How Do You Calculate the Initial Speed of a Baseball in a 2D Motion Problem?

[wwommack]

Homework Statement

A ball player hits a home run, and the baseball
just clears a wall 8.00 m high located 122.5 m
from home plate. The ball is hit at an angle
of 39.9◦ to the horizontal, and air resistance is
negligible. Assume the ball is hit at a height
of 1.2 m above the ground.
The acceleration of gravity is 9.81 m/s2 .
a) What is the initial speed of the ball?
Answer in units of m/s.

Homework Equations

y=yo+voy*t-1/2gt^2

y= yo+sinLaTeX Code: \\theta *t-1/2gt^2

1/2gt/yo= voy

R= Voy*t=VosinLaTeX Code: \\theta *t

t= LaTeX Code: \\sqrt{} (2y/g)^2

The Attempt at a Solution

I plugged in my known variables but couldn't get anything

Please help

 

[Furby]

According to your equations, it looks like you began in the right direction, but then steered off course a bit.
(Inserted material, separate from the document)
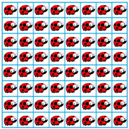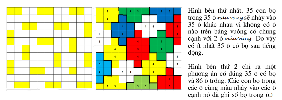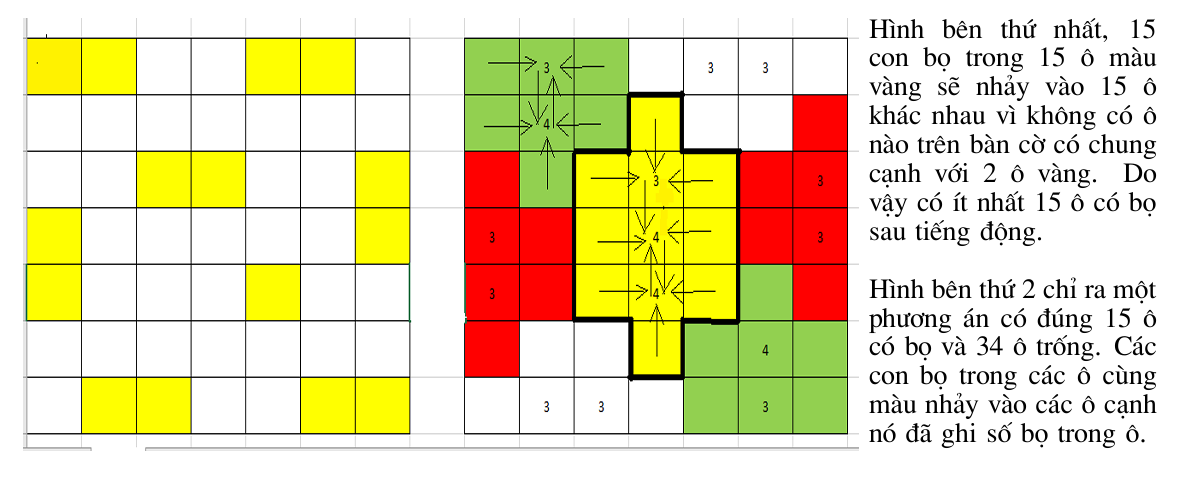 Trên một bảng vuông 8x8 lúc đầu có 64 con bọ, mỗi con đậu trong một ô. Sau một tiếng chuông reo, tất cả con bọ cùng nhảy sang một ô liền kề có cạnh chung với ô mà nó đang đứng.

One thing to note is you subtracted (1/2)*g*t². Be careful that you don't put -9.8m/s² as g, since you prematurely subtracted it.

You began with
y=y₀+v_0y*t+(1/2)*a_y*t²

then you substituted v_0y with sin(39.9). It should be v_0y=v₀*sin(39.9).

I'm not sure what you did next. I would like to see how you derived (1/2)*g*t/y₀=v_0y.
I'm pretty sure it's nonphysical, though. When I solved it, I pretended the ball started at a height of 0 (y₀=0m) and traveled a height of 8m-1.2m (y=6.8m) so your equation would have a 0 in the denominator in my case.

I'm not certain what you intend R to represent. You're correct in stating v_0y*t=v₀*sin(39.9)*t, which is actually the flaw you made earlier in substitution, leaving v₀ out.

t=sqrt(((2y)/g)²)? Well first the square root and the square cancel out becoming t=(2y)/g. I'm not sure how you derived this, and I'm pretty sure it's nonphysical. EDIT: Ah, I think you tried to find the initial velocity by substituting time from your original equation INTO your original equation. Well, again I'm pretty sure that you didn't rearrange the equation correctly, and you need a second equation with the same unknowns to do this type of substitution. What I think you did was, say x-y=1, thus x=1+y, thus 1+y-y=1, which of course 1=1, which says nothing about x or y.

It looks like you understand that you'll have two unknowns (t and v₀). I think you went back to your original equation and rearranged it after having attempted substituting for v_0y. I would continue working with just substituting for your unknowns and leave rearranging your original equation at the end. You just need to create two equations with two unknowns. It appears you were going in the right direction, but made some serious algebra errors. Perhaps try starting with the x components first. That will be your second equation, and much simpler equation.

By the way if there is an easier way to solve this problem, I'm sorry I don't see it. Otherwise this is a long way to get the answer. =)

 

[tomcue]

!

Based on the given information, we can use the equations of motion to solve for the initial speed of the ball. First, we can use the equation y=yo+voy*t-1/2gt^2, where y is the height at any time t, yo is the initial height, voy is the initial velocity in the y direction, and g is the acceleration due to gravity. We know that the initial height is 1.2 m and the final height is 8 m, so we can plug in these values and solve for voy:

8 = 1.2 + voy*t - 4.905*t^2

Next, we can use the equation 1/2gt/yo= voy, which relates the initial velocity in the y direction to the time of flight and the initial height. We know that the initial height is 1.2 m and the acceleration due to gravity is 9.81 m/s^2, so we can plug these values in and solve for voy:

voy = 4.905*t

Finally, we can use the equation R= Voy*t=VosinLaTeX Code: \\theta *t, which relates the range of the ball (R) to the initial velocity (Voy), the time of flight (t), and the angle of projection (LaTeX Code: \\theta). We know that the range is 122.5 m and the angle of projection is 39.9 degrees, so we can plug these values in and solve for Voy:

122.5 = 4.905*t*cos(39.9)*t

Solving for t, we get t = 5.22 seconds. Plugging this back into our equation for voy, we get voy = 25.7 m/s. Therefore, the initial speed of the ball is 25.7 m/s.